Charles Barkley weighs in on load management in the NBA:
"You can't make $30, $40, $50 million and then sit out games. I think it's disrespectful to the game, I think it's disrespectful to the fans." pic.twitter.com/WLFTnhRCV7
— First Take (@FirstTake) February 27, 2023
This business model would not fly in most industries. Employees are generally expected to work and contribute, whether they make twenty bucks an hour or twenty million a year. For whatever reason, NBA players think it is asking too much to jog up and down the court for most 82 games.

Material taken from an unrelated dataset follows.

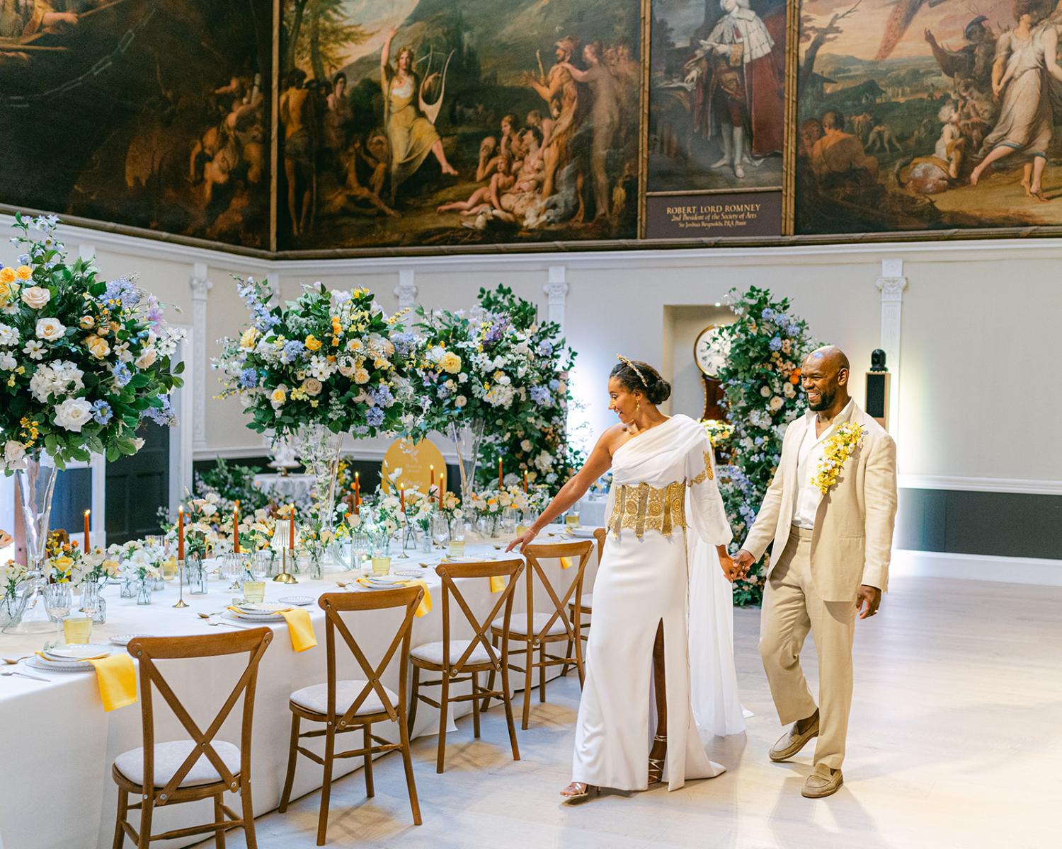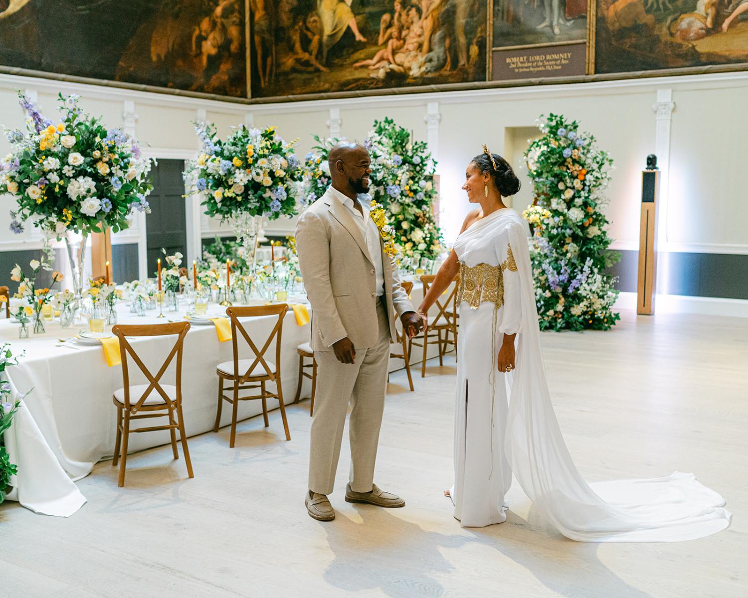 This wedding is a perfect celebration of sustainable luxury, showcasing how bold, vibrant themes can be effortlessly chic. Set in the heart of London at the Royal Society of Arts, and aptly titled ‘Golden Dynasty’ this celebration highlights the couple’s love story and the venue’s incredible commitment to sustainability, inclusivity, and diversity. It’s the perfect backdrop for couples looking to create a day that’s both stylish and responsible. Love yellow and want your wedding to be luxe and eco? This inspiration is all you’ll need to plan your own unforgettable celebration. We catch up with stylist With Akilah & Co and the rest of the creative team to find out all about it…

This is a particular problem because the cost of attending an NBA game is high. No one wants to take their family to see LeBron, only for him to be taking a “load management” night. NFL players don’t do that, and there are only seventeen games. MLB players will take a day off, but not habitually like the spoiled millionaires in the NBA do. Outkick continued:
On Monday’s edition of ‘First Take,’ Barkley expanded on the load management issue and made the spot-on point that steel workers and other blue-collar workers don’t just sit out from working when they feel like it. Those blue-collar workers aren’t being paid $40 million or more to play basketball, either.
“I don’t think fans get mad if you’re making $30, $40, $50 million if you play basketball every night, but you can’t make $30, $40, $50 million and then sit out games,” Barkley said. “I think it’s disrespectful to the game, I think it’s disrespectful to the fans. These fans are paying their hard-earned money.”
“It ain’t like we’re working in the steel mill, brother,” Barkley continued. “There are people working in the steel mill every day and I’m pretty sure they’re tired too, but they go to work every day.”
As usual, Charles is right. He is one of the few voices of reason in not only sports media, but media in general. The NBA is already bleeding fans, and the recent NBA All-Star game was one of the lowest rated ever. Fans are fed up and it shows.
NBA injury reports aren’t available until a couple hours prior to the game, and if you have dropped several hundred dollars to see your favorite player and he is taking a mental health break, guess you are screwed. Explain that to your kid when he is upset that Ja Morant is in sweats on the bench.
If there is a solution in sight, Barkley doesn’t know what it is. Until the league and the players value the people that support them and help pay their salaries, also known as the fans, things won’t change. It will still be spoiled rich men that won’t run up and down the court for 82 games a season.